WHAT TO PRODUCE:
What is needed is an exact reproduction of the lines in the records below, starting at the line with "(TTXVN)- Theo các" and ending at the line with "Facebook Oculus VR实现的悬浮屏,图片来自Twitter", both included, and nothing else; pictures stay out.

RECORDS FOR THIS EXERCISE:

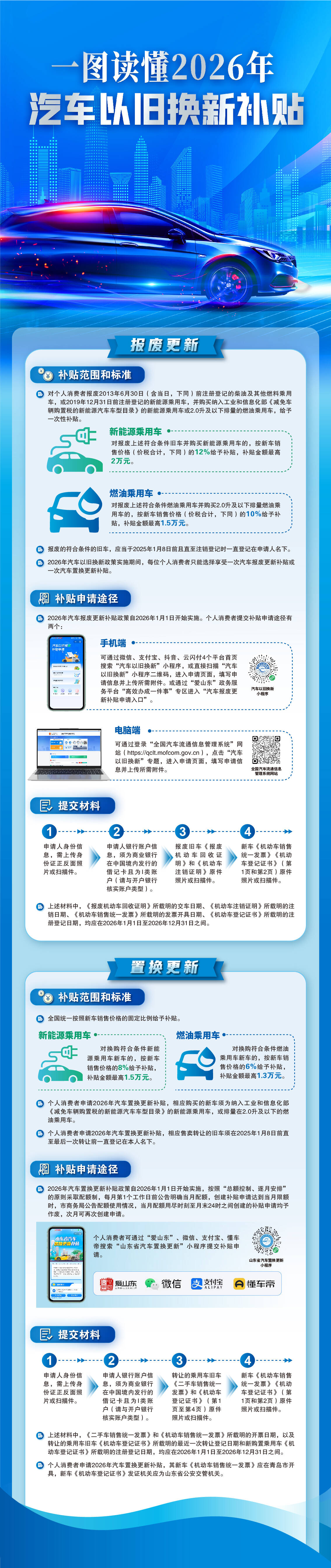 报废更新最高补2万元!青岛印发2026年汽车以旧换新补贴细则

* * *

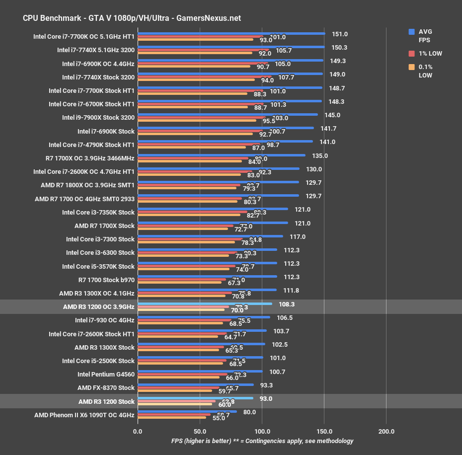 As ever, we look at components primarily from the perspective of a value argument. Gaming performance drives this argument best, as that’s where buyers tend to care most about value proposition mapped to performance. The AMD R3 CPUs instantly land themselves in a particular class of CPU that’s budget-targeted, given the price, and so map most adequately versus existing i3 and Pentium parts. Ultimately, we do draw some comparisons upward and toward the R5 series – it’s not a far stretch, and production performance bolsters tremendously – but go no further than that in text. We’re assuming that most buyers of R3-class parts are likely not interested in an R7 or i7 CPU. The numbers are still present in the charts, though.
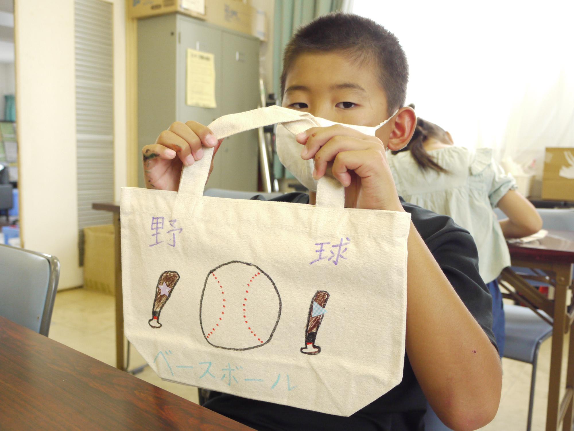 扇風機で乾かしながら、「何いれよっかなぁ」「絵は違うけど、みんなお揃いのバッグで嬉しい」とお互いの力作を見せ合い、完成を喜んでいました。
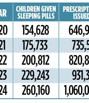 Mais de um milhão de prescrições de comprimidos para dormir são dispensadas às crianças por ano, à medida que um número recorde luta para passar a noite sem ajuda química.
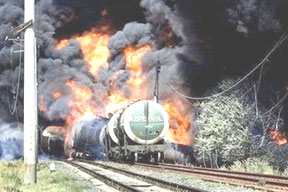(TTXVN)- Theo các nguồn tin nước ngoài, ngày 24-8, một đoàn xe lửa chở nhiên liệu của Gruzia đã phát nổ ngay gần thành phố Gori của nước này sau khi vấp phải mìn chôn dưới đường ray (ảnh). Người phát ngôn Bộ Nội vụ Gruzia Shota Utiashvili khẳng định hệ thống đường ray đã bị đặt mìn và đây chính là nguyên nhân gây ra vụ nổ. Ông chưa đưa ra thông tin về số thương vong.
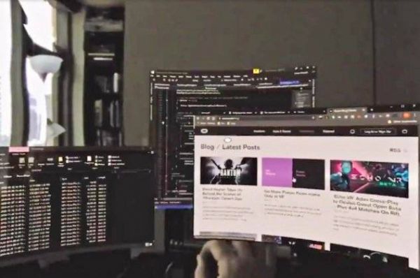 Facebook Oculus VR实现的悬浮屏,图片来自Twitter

ANSWER TO THE EXERCISE:
(TTXVN)- Theo các nguồn tin nước ngoài, ngày 24-8, một đoàn xe lửa chở nhiên liệu của Gruzia đã phát nổ ngay gần thành phố Gori của nước này sau khi vấp phải mìn chôn dưới đường ray (ảnh). Người phát ngôn Bộ Nội vụ Gruzia Shota Utiashvili khẳng định hệ thống đường ray đã bị đặt mìn và đây chính là nguyên nhân gây ra vụ nổ. Ông chưa đưa ra thông tin về số thương vong.
 Facebook Oculus VR实现的悬浮屏,图片来自Twitter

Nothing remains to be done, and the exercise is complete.